1 Peter 2:2-3 “Like newborn babies, crave pure spiritual milk, so that by it you may grow up in your salvation, now that you have tasted that the Lord is good.”

When Peter compares us to newborn babies , he is not criticizing our lack of spiritual maturity. The term is used that way other places in Scripture, but here he puts a positive spin on the idea. Nor is he opposing growth and maturity, as though we should remain spiritual infants forever. He specifically tells us that he wants us to grow up in our salvation. More about that in just a moment.

His one point of comparison between us and newborns is this: There is only one food appropriate for newborn babies (at least, before the development of infant formula). That is their mother’s milk. It is the only thing the baby wants. It is the only thing the baby’s body can handle. Variety may be the spice of life, but variety is no good when it comes to feeding infants. They need nothing but their mother’s milk.

In the same way we who are God’s newborns by faith need only one thing on which to feed– the pure, spiritual milk of the Word. It is the only thing our faith wants. It is the only thing our faith can handle. Any variety mixed in from human philosophy, false doctrine or theology, or human speculation threatens to make us sick or could even be fatal.

And in order for that spiritual milk to be truly nourishing for our souls, to truly grow us up in our salvation, it must contain God’s word of Gospel, his good news in Jesus Christ. A favorite used bookstore of mine has a large religious books section.
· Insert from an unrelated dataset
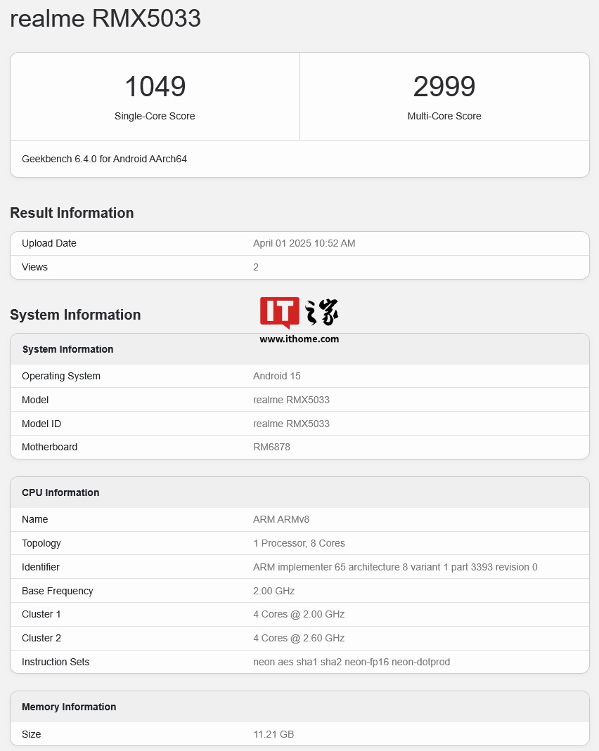 IT之家 4 月 2 日消息,科技媒体 xpertpick 昨日(4 月 1 日)发布博文,报道称 realme 真我 Narzo 80 Pro 手机(型号 RMX5033)现身 Geekbench 跑分平台,确认搭载联发科天玑 7400 芯片,单核 / 多核得分分别为 1049/2999,配备 12GB 内存与安卓 15 系统。

There you will find a few shelves with Bibles, Bible commentaries, church history, and various world religions. But what fills row after row and shelf after shelf are books on “Christian living.” I won’t say that those books contain no useful information. Maybe you can find helpful hints for dealing with some issue in your life.

But without the gospel of God’s love for you in Jesus, such books cannot grow you up in your salvation. Without God’s promises detailing what he is doing for you, there is no food for your soul, no nourishment for your faith, no matter how helpful the words may be for solving problems. You don’t grow closer to God when he is telling you what to do. Your trust in him doesn’t become more secure when you are concentrating on how your life matches up with his commands. Your heart’s intent to do things his way, your willpower to avoid sin and pursue love, doesn’t come from doing what God demands.

God is drawing you closer, making you stronger, and driving faith deeper, when the words on which our faith is feeding are about the things he does for us. That good news is not a limited subject that fits into a few paragraphs or a chapter in a book. It spans all the love that God has had for you from electing you to be his own child even before he created the word; to directing the course of human history to prepare the way for Jesus; to Jesus’ whole life of love; to the events of his trial, cross, and empty tomb we know so well; to his running the word for us from heaven; to his promise to return to take us there.

It is expressed in his promise to forgive our sins, declare us not guilty of them, reconcile us to himself, come to us in word and sacrament, give us his Holy Spirit, and ultimately raise us from the dead. The Gospel of God’s love for you is a gem with many, many facets. There are far too few books whose expressed purpose is to help us mine the Bible’s riches in exploring each one.

This is the spiritual food our hearts need. Let’s crave and consume this pure spiritual milk, so that we can grow up in our salvation.